Она смотрела на Марка Эмилия расширенными глазами, в которых билась птица со сломанными крыльями…
«Да, да! — удовлетворённо думал посол, принимая вечером горячую ванну. — А чтобы мои намёки были восприняты правильно, любезнейший Марк Север, на днях возвращающийся из своего вынужденного путешествия, — рассмеялся жирным смешком, — нижайше попросит царственную Лаодику изъявить ему большую милость — превратить данные ему долговые расписки в нетленный металл…»
Гопломах Тарулас не спеша шёл по ночной Синопе. Сегодня занятия в гимнасии закончились поздно, и пока под его руководством дежурные эфебы приводили в надлежащий вид учебное оружие и доспехи, стемнело. Впрочем, домой он не торопился — убогая каморка, его жилище, не была тем местом, куда после трудов праведных могла стремиться для отдохновения человеческая душа.
Лёгкий бриз посеял на чёрное небо необычайно яркие звёзды. Сложный и приятный аромат цветущего разнотравья изгонял из лёгких запахи разопревшей кожи ремней, пота и пыли фехтовальной площадки. Тарулас почувствовал, как непонятное томление вдруг заставило сильнее забиться сердце, хмельной волной хлынуло в голову. Юность, радостная и беззаботная, где ты? Да и была ли она у него? Просто сон, призрачное видение…

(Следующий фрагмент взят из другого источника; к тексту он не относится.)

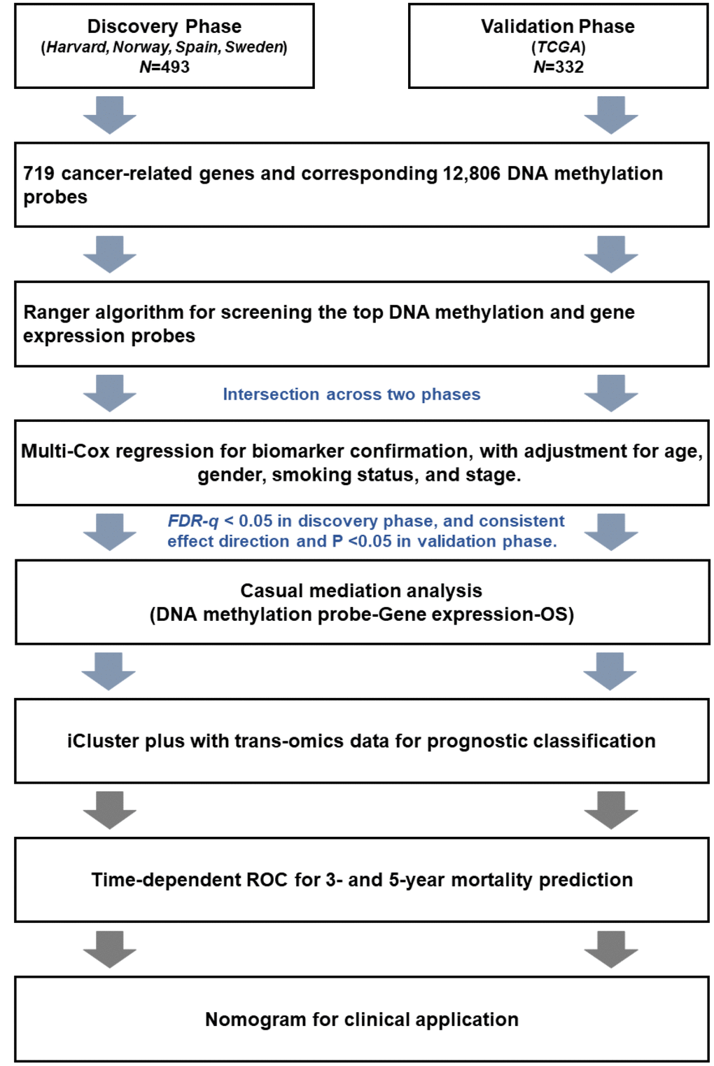 In this study, all significant results in the discovery phase were further independently confirmed in the validation phase. Patients (n = 493) from Harvard, Spain, Norway, and Sweden were assigned to the discovery phase. Patients (n = 332) from TCGA were assigned to the validation phase. The work flow chart is shown in Figure 6. First, ranger, an improved version of random forest incorporating adjustment of covariates, was used to evaluate importance of each DNA methylation probe based on VIS [32]. All DNA methylation probes were ranked by VIS in descending order. The sliding windows sequential forward feature selection method was applied to identify top important probes, which means probes were sequentially included in the model as predictors until the model reached the minimum out of bag (OOB) error rate [42]. We screened out important probes in the discovery and validation phases. Overlapping probes in both phases were retained for subsequent analysis. The same pipeline was also used to screen out important gene expression variables. Second, a multivariate Cox regression model was further used to confirm the association between each biomarker and survival with adjustment for age, gender, clinical stage, smoking status, and study center. Hazard ratio (HR) and 95% confidence interval (CI) were described per 1% methylation increment. Multiple comparison correction was performed using the false discovery rate (FDR) method by Benjamini-Hochberg procedure. Biomarkers with FDR-q ≤ 0.05 in the discovery phase and P ≤ 0.05 in the validation phase, as well as consistent effect directions across both phases, remained for further analysis. Third, we performed a causal mediation analysis to explore possible “DNA methylation → gene expression → LUAD survival” pathways [43]. Adjusting for the same covariates as above, the total effect of methylation on survival (HRtotal) was separated into indirect effects (HRindirect), representing the effect of methylation on survival mediated through gene expression, and direct effects (HRdirect), representing the effect of methylation on survival directly. Fourth, we used an iCluster plus algorithm that integrated clinical and trans-omics biomarkers to distinguish patients with high- and low-mortality risk groups [33, 44]. Kaplan-Meier curves and log-rank test were used to assess survival differences between groups. Fifth, we integrated clinical and trans-omics biomarkers into a Cox regression model, and time-dependent receiver operating characteristic (ROC) curves were used to measure prediction performance for 3- and 5-year survival [45]. Area under ROC (AUC) of the prediction model with or without trans-omics biomarkers was compared using bootstrap with 1000 times resampling. Finally, nomogram plots were generated, and the validation was tested by discrimination and calibration in both phases. Discrimination was estimated by concordance index (c-index), which ranges from 0.5 (completely random) to 1.0 (perfect discrimination). Calibration assesses how close the nomogram-estimated risk is to observed risk, which was depicted by a calibration plot. Bootstrap analyses with 1000 resamples were used for these analyses. All data were analyzed using R version 3.4.4 statistical software (The R Foundation).

Холодный металл клинков, осиными жалами метнувшихся к его груди из темноты переулка, он не увидел, а скорее ощутил кожей. Привычка старого воина всегда быть настороже и на этот раз сослужила ему добрую службу. Тарулас мгновенно пригнулся и приёмом кулачного боя, которому научился у эллинских гоплитов, опрокинул на землю одного из убийц. Второй, судя по всему, фехтовальщик неопытный, вместо того, чтобы тут же повторить удар, растерялся и неуклюже отскочил в сторону. Это промедление для гопломаха оказалось спасительным — перехватив руку второго убийцы с коротким персидским акинаком, Тарулас со страшной силой швырнул его через себя на каменные плиты. Бандит коротко охнул и затих в беспамятстве.
Но был ещё и третий. Он прыгнул на гопломаха с крыши заброшенного дома словно барс. Махайра Таруласа рассыпала в темноте золотые искры, отбив коварный удар в бок.
Теперь у гопломаха противник был достойный. Его широкий римский меч находил самые уязвимые места в защите Таруласа, и только самообладание и отменная выучка бывшего центуриона позволяли ему избежать смертоносного удара.
— Барра[94]! — наконец подал голос противник Таруласа и сделал молниеносный выпад с колена, целясь в незащищённый живот гопломаха.
Но и этот, почти неотразимый, удар встретила махайра Таруласа.
— Гром и молния! — вскричал плохо различимый в темноте противник гопломаха, отскочив на безопасное расстояние. — Пусть меня поглотят волны Коцита[95], но я не верю! Это невозможно! Только один человек был способен защититься от этого удара! Но его нет в живых…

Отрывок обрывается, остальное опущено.